Henrike Naumann (b. 1984 in Zwickau/DE) graduated in stage and costume design from Dresden University of Fine Arts/DE (2008) as well as in set design from the Film University Babelsberg Konrad Wolf/DE (2012). She reflects sociopolitical problems on the level of interior design and domestic space and explores antagonistic political beliefs through the ambivalent aesthetics of personal taste. In her immersive installations she arranges furniture and home decor into scenographic spaces interspersed with video and sound work. Growing up in eastern Germany, Naumann experienced extreme-right ideology as a predominant youth culture in the 1990s. Therefore, she is interested in the mechanisms of radicalization and how they are linked to personal experience. Although rooted in her experiences in Germany, her work addresses the global connectivity of youth cultures and their role in the processes of cultural othering. Nauman lives and works in Berlin/DE.

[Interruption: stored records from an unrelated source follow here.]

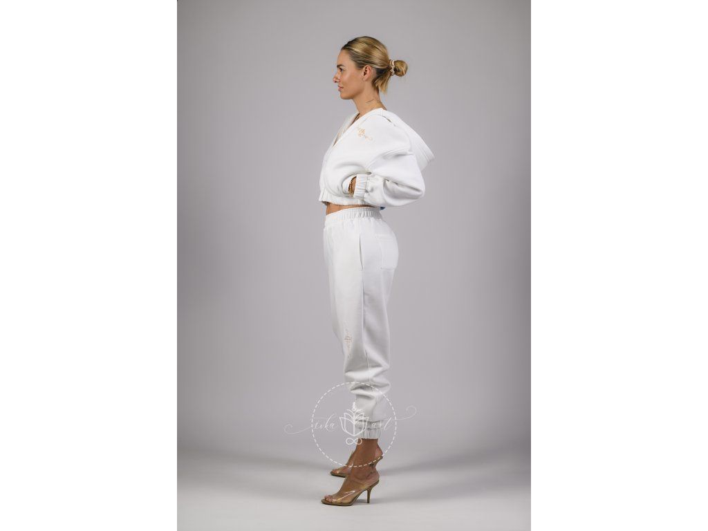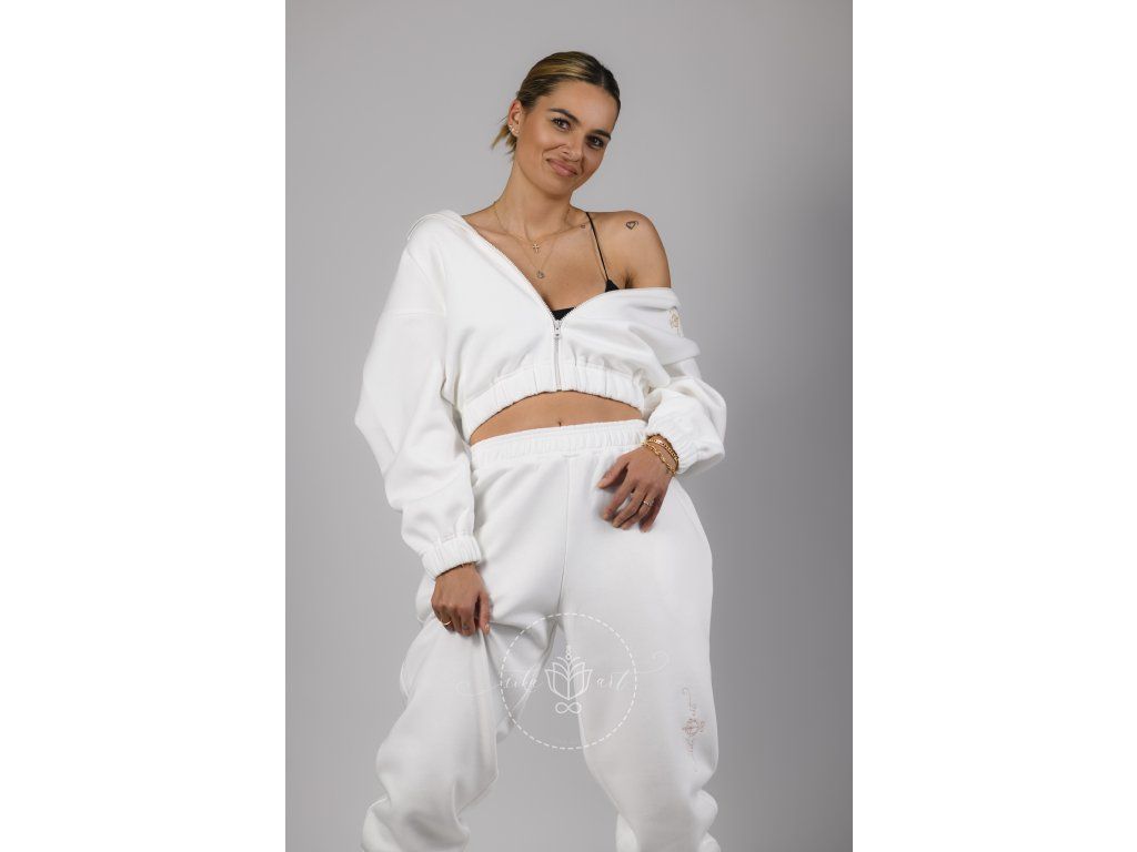 Mikina v jemnom ivory odtieni na zips s kapucňou v BOMBER CROP strihu spája pohodlie a ženskosť. Dĺžka siaha mierne pod pupok, zvýrazňuje pás a zachováva komfort pri nosení, doplnená o dve bočné vrecká.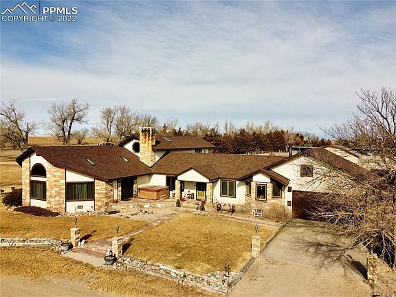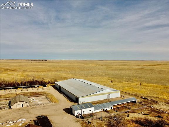 A 10,681 acre all contiguous ranch with 7,779 deeded acres and 2,902 leased acres including a 960 acre Colorado state school lease and a 1,942 acre private lease. All upland range is short grass prairie. The owner rates the carrying capacity at 400 cow calf pairs year around. With 10,681 total acres total, the ranch is optimally fenced and extremely well watered for extremely efficient operations. The ranch has 160 acres of dry land hay ground and 68 acres of irrigated under two pivots. The gorgeous sprawling main home boasts 4,762 square feet of living area and includes 4 bedrooms, 3 full baths, a bonus room and a wonderfully appointed living area with dramatic stone appointments. The home features a huge master suite with a fireplace, sitting area and attached master bath. The country kitchen features Spanish tile, and wood accents and beams. 150 ft x 360 ft indoor roping arena, complete with roping boxes, roping chute and alley, 2nd story birds nest observation area and a well appointed 2nd level apartment. This arena isn't your run of the mill indoor barn, but a commercial quality facility built by world champion barrel racer and gold medalist Marlene Eddelman McRae and her husband, former PRCA calf roper Doug McRae. Other Improvements: 6 stall horse barn with tack room, turnouts and wash rack Open 200X20 loafing shed with 10 runs used in the past for horse runs, now used for equipment storage Shop with overhead door Calving barn and pens 3 bed mobile home Loafing sheds in the Bull pasture Airplane hanger and runway Numerous solar wells, electric wells and windmills and a pipeline system Excellent fencing and cross fencing that works incredibly well for cattle rotation Several sets of corrals and pens Two pivot irrigation sprinklers Two grain bins Several stock sheds several stock dams See website for additional descriptions.
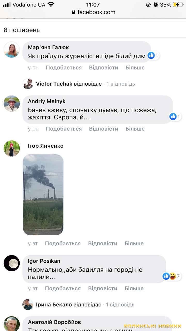 Фото і відео чорного диму, який йде з труби заводу, лучани постійно публікують в соцмережах. На кадрах видно, що зовсім поруч біля зеленої зони, де гуляють мешканці з дітьми, з труби йде чорний дим.Під час розширеної оперативної наради у міськраді, Луцький міський голова дав протокольне доручення департаменту економічної політики спільно з управлінням екології підготувати і винести на розгляд сесії міськради звернення до Міністерства захисту довкілля і природних ресурсів.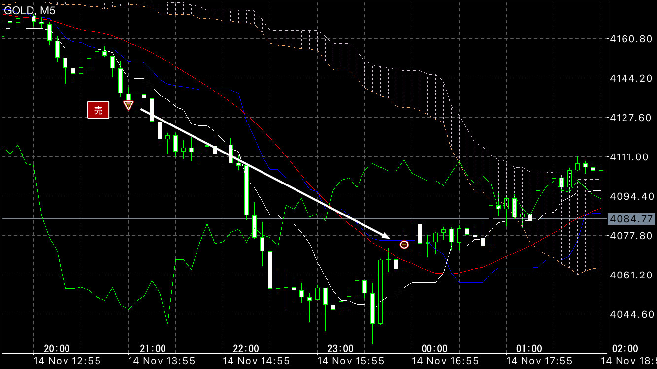更なる利益の可能性も残しつつ、MA越えて利確したものの。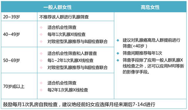 鼓励每月1次乳房自我检查,绝经前妇女选择月经来潮后7-14d进行。
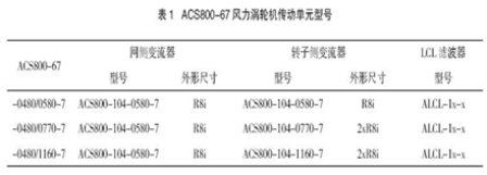 如前所述,雙饋風力發(fā)電系統(tǒng)的變頻器由于接在發(fā)電機的轉子側,所以變頻器容量可小于發(fā)電機的容量,僅為發(fā)電機的轉差功率,因此,變頻器容量的選擇與風力發(fā)電機的調速范圍密切相關。一般風力發(fā)電機的調速范圍為額定轉速的70%~130%,轉差率為±30%,所以變頻器的額定容量可選為發(fā)電機額定容量的1/3。表1為ACS800-67的選型表。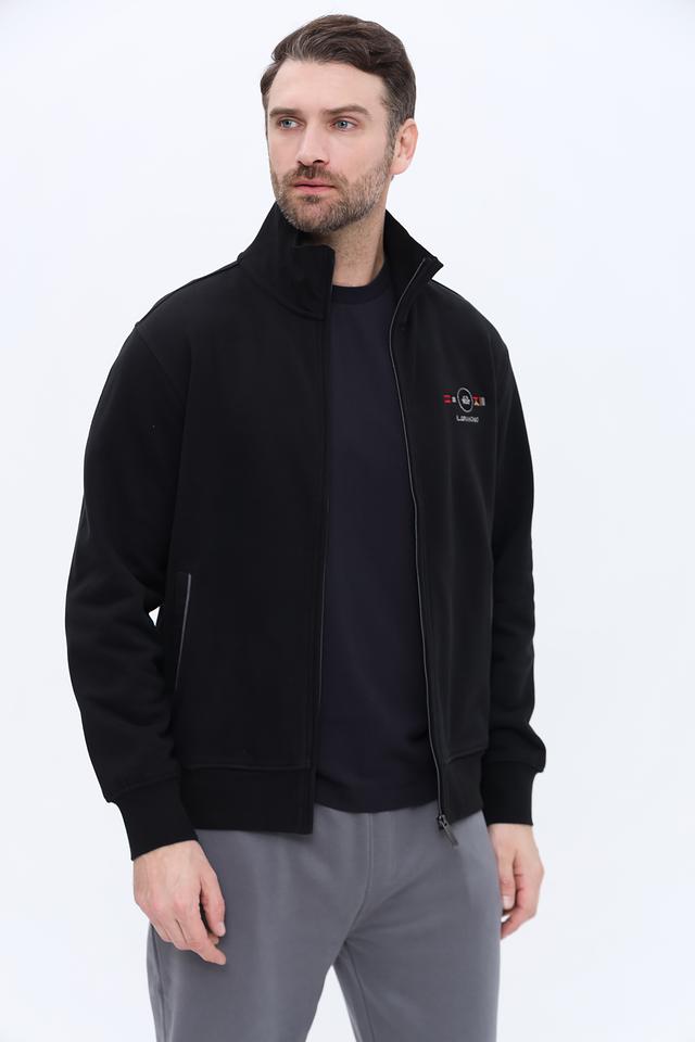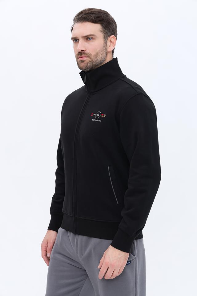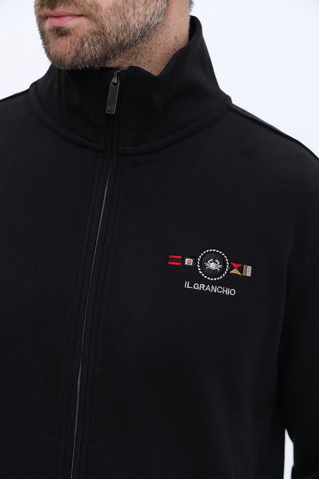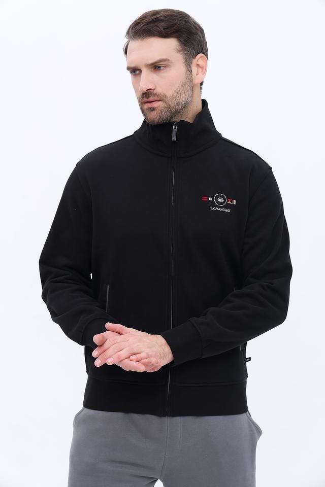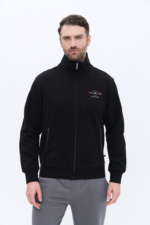 Мужской кардиган от бренда Granchio выполнен в классическом чёрном цвете. Модель имеет застёжку на молнии и воротник-стойку, что делает её универсальной для различных погодных условий.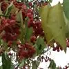 蒴果三角卵圆状,4裂较浅成圆阔4棱,长8-14毫米,直径8-17毫米;果序梗长1-3厘米;小果梗长约1厘米;种子阔椭圆状,长6-8毫米,棕红色,假种皮橙黄色,全包种子,上部两侧开裂。花期3-5月,果期6-10月。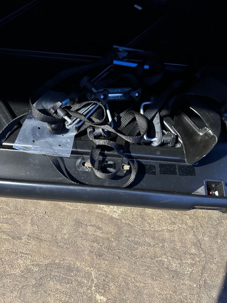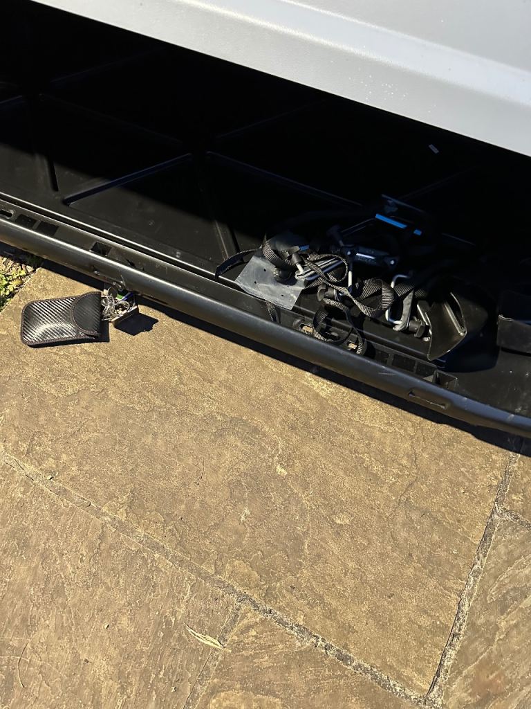 Halfords grey 420ltr roof box used for one holiday and been stored in shed ever since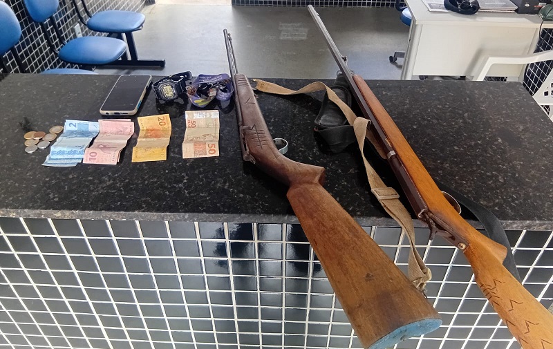 As autoridades apreenderam as espingardas de fabricação artesanal, um aparelho celular, um relógio digital, diversas chaves residenciais e R$ 99,55 em dinheiro. Moyses e Alaece foram levados à Delegacia Territorial da Polícia Civil de Itamaraju, onde o delegado Gilvan de Meireles Prates lavrou o auto de prisão em flagrante.

Naumann’s works have been exhibited among others at: Haus der Kunst, Munich/DE (2019–2020); Museum der Bildenden Künste, Leipzig/DE (2019); Belvedere 21, Vienna/AT (2019); Museum Abteiberg, Mönchengladbach/DE (2018); MMK, Frankfurt am Main/DE (2018); Steirischer Herbst, Graz/AT (2018); Busan Biennale, Busan/KR (2018); Ghetto Biennale, Port-au-Prince/HT (2016); Musée d’Art Contemporain et Multimédia, Kinshasa/CG (2016).
The following artwork will be shown as part of the EVROVIZION.CROSSING STORIES AND SPACES project:
TRIANGULAR STORIES, 2012–2018, mixed-media installation, comprising various furniture and accessories, two videos: TERROR and AMNESIA, each 4:3, colour, sound, 15'24'', Bratislava/SK, 2018.
© Henrike Naumann
In her work TRIANGULAR STORIES, Henrike Naumann arranges various items of furniture and interior décor from the 1990s to create a room in which the two video works TERROR and AMNESIA are shown. By means of what are purportedly two VHS home videos, Naumann transports the viewer into the lifeworld of teenagers in 1992. In each of these videos, the action is centred on a group of three adolescents. The first video reflects the hedonistic lifestyle of the young party generation of the early 1990s: drugs and partying to excess on Ibiza until a state of unconsciousness is reached - AMNESIA. The second video is set in Jena, a city in eastern Germany. Here, the observer is greeted with violent assaults, shouts of “Sieg Heil” and vandalism - TERROR. In her work, the artist explores her generation’s hedonistic drive to optimise the self and the mechanisms of radicalisation. Neither her groups of three nor her time period were chosen at random. Having grown up in Zwickau, in the 1990s Naumann experienced far-right ideology as the dominant youth culture in eastern Germany. Through her works, she was very quick to respond to what was happening around her – the revival of nationalist violence and the discovery of the NSU underground terrorist network (a core trio comprising Beate Zschäpe, Uwe Böhnhardt and Uwe Mundlos and their considerably larger network of supporters) in Zwickau that, unnoticed, conceived a campaign of rightwing terror and then began acting on these plans in the late 1990s.
This artwork is part of the ifa art collection.